Sebul Farm was acquired just five years ago by Sy’s son, Joanes Paulos, a commercial pilot who is based in Vietnam, and has since soared to become Lake Sebu’s landmark for organic farm tourism, peculiar from all the rest since most, if not all, of the local destinations have been propelled by the lakes, waterfalls and heritage of the T’boli tribe.
In the T’boli language, “sebul” means “mix,” or “everything is there,” which the elder Sy is taking to heart by cultivating assorted crops and raising livestock.
Although relatively new, Sebul Farm has been accredited by the Department of Tourism (DOT) as a farm tourism site and by the Department of Agriculture’s Agricultural Training Institute (ATI) as an agricultural learning center.

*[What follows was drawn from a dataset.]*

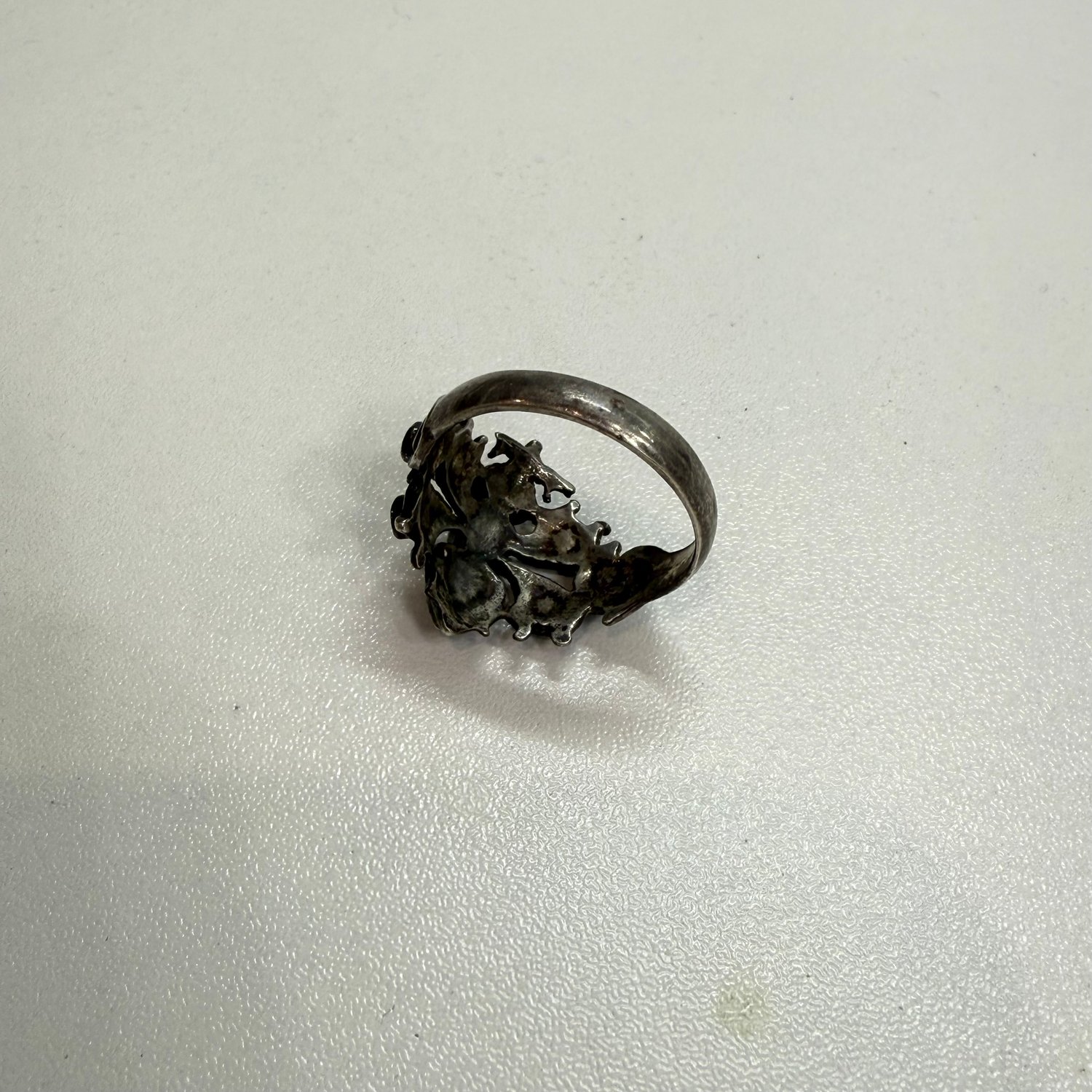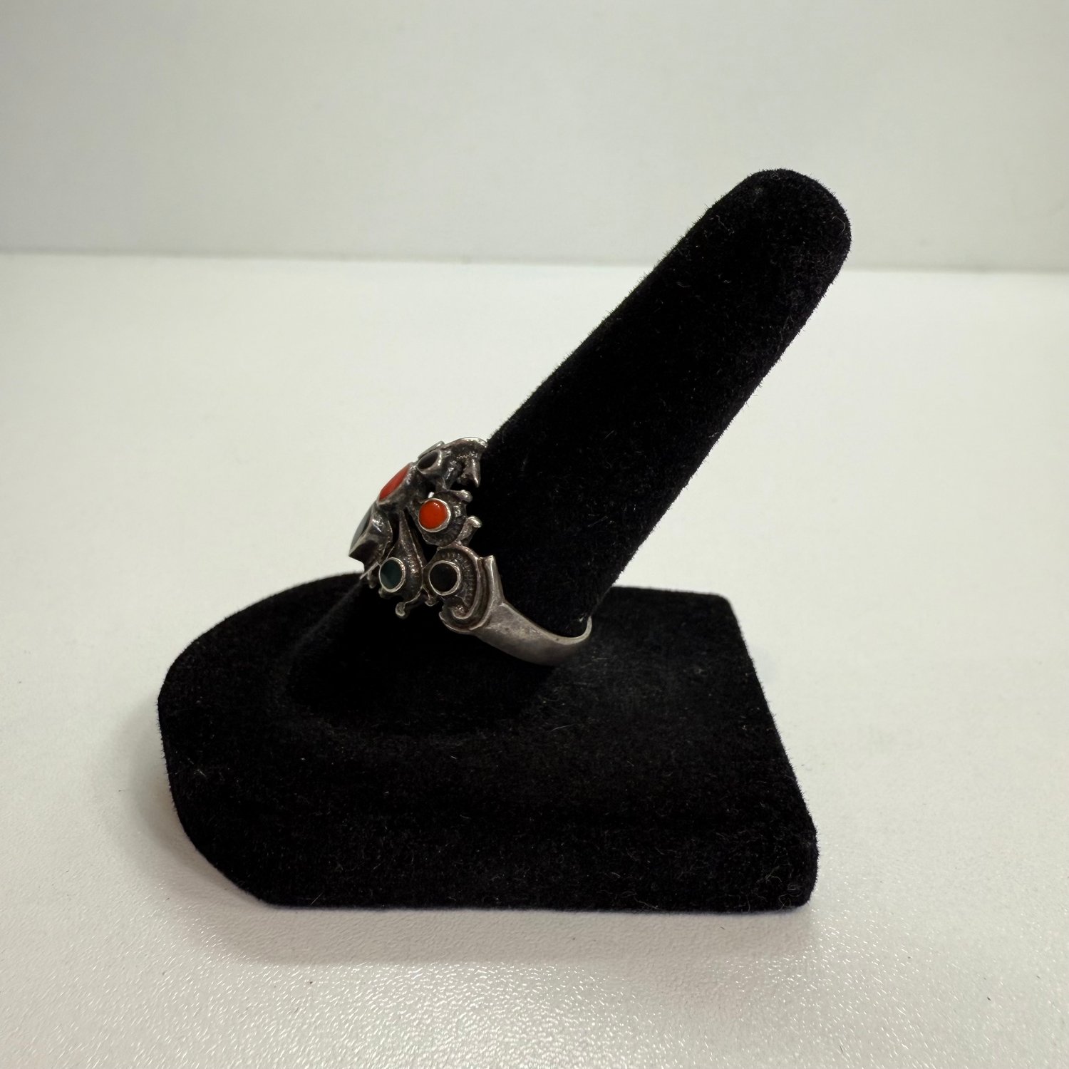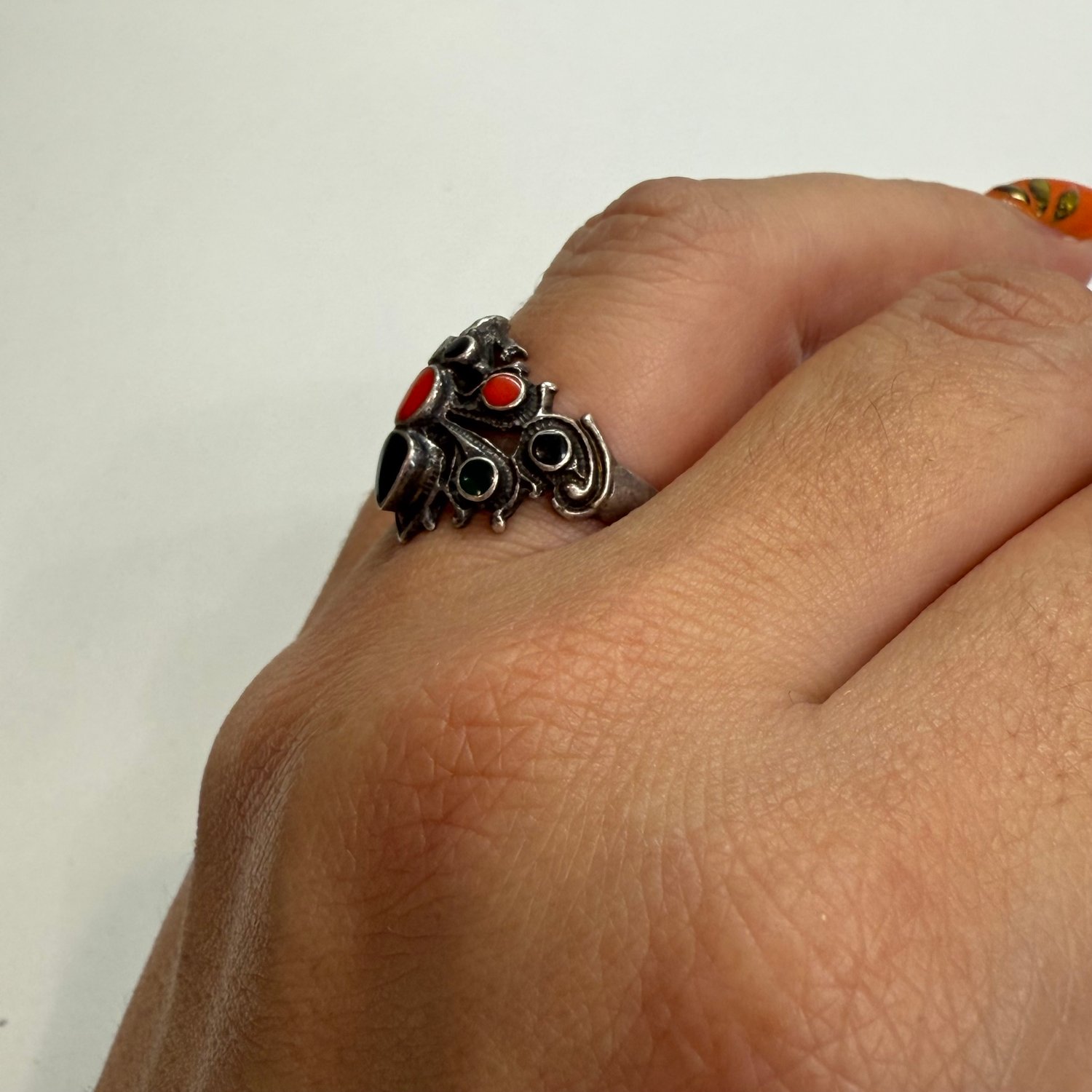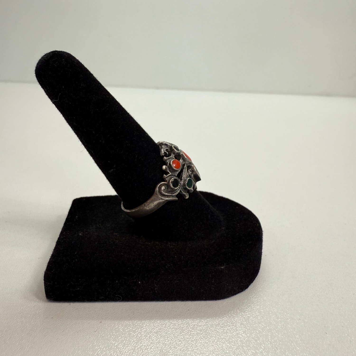 Sterling silver, Coral, black Onyx and green Onyx spider ring.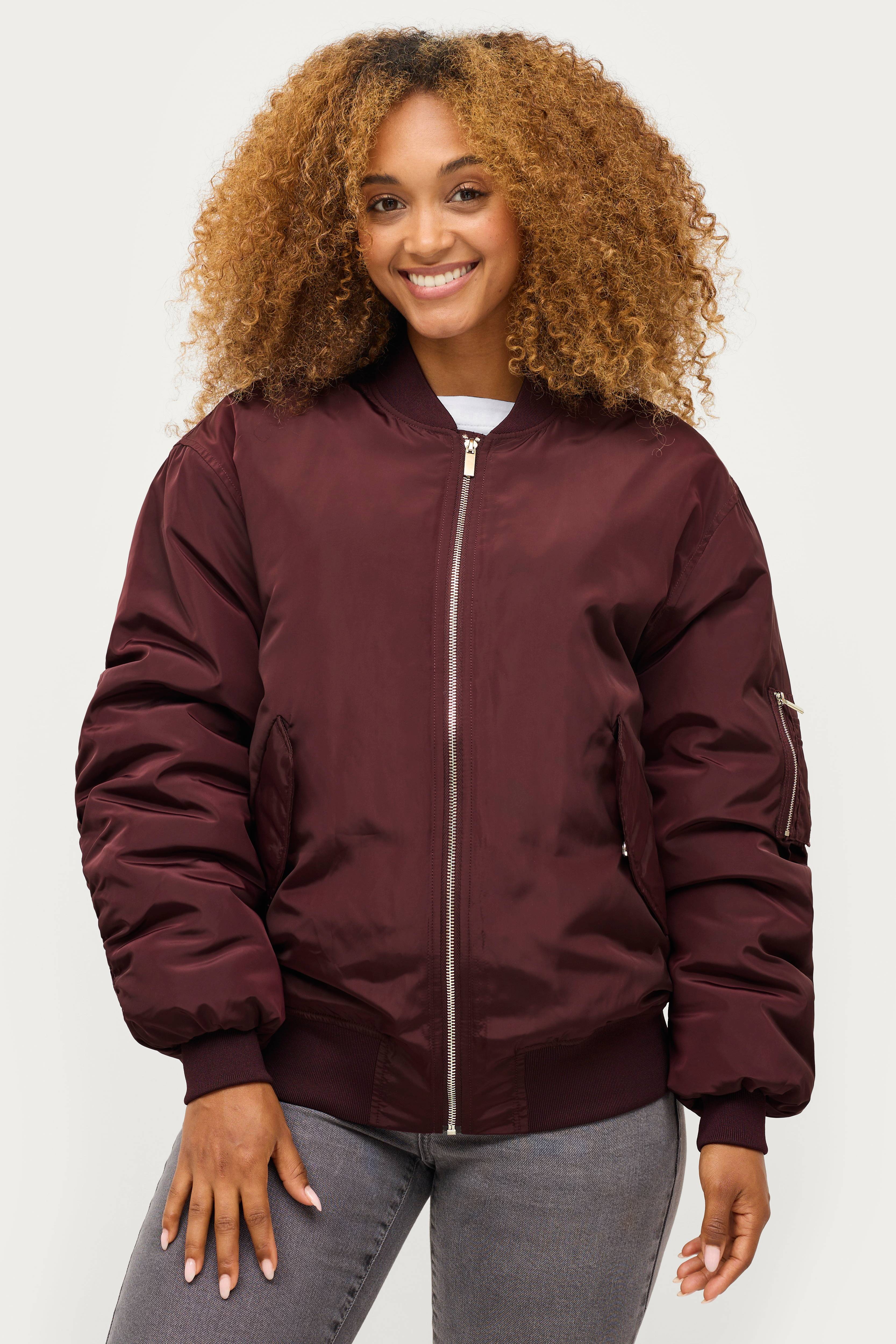 • Let foret bomberjakke • Skinnende ydermateriale • Oversize pasform • Ribbet krave • Lynlås • To lommer med trykknapslukning • Ærmelomme med lynlås • Ribmanchetter ved manchetterne og nederst • Sømme med samling på ærmerne og på ryggen • Længde: 74 cm i størrelse 38/40

Organic cacao farming is the flagship of the farm, which is also planted with coconuts, coffee and other fruit-bearing trees, such as durian, mangosteen and marang; and spices and herbs, such as red chili, mint, stevia and tarragon.
Native chickens and hito (catfish) are also grown.
Sy does not sell his cacao beans but processes them into tablea, cocoa powder, wine, cider vinegar and tea. He is also planning to go into chocolate production.
“Nothing is wasted here as I have cashed in on the possible products that can be processed from cacao. The money in farming is actually in the value-added products,” Sy told the Inquirer.
Sebul Farm produces brewed coffee, turmeric powder with stevia, pure honey, hot chili oil and even the fruit fly attractant potion for pest control.
It sells dried herbs, such as mint, tarragon, laurel leaves mixed with black peppercorn, and even health supplements, such as serpentina and mangosteen capsules.
All of these are the brainchild of Sy, who completed a business degree as a working student in General Santos City. He ventured into palay, corn and fish trading, and restaurant business during his younger years.
As an agricultural learning site, Sebul Farm hosts seminars where Sy, who is married to Mayette, a retired flight attendant, shares his knowledge on cacao farming and processing techniques. Up to 30 people can be accommodated in one seminar.
Sharing accommodations include A-houses, so called because they are patterned after letter “A.”
Guests can also enjoy a dip in the cold infinity pool with a view of the horizon.
Sebul Farm placed second during the first regional edible ornamental landscaping contest conducted by the regional offices of the DOT and the ATI, in partnership with Villar Foundation Inc. in 2018.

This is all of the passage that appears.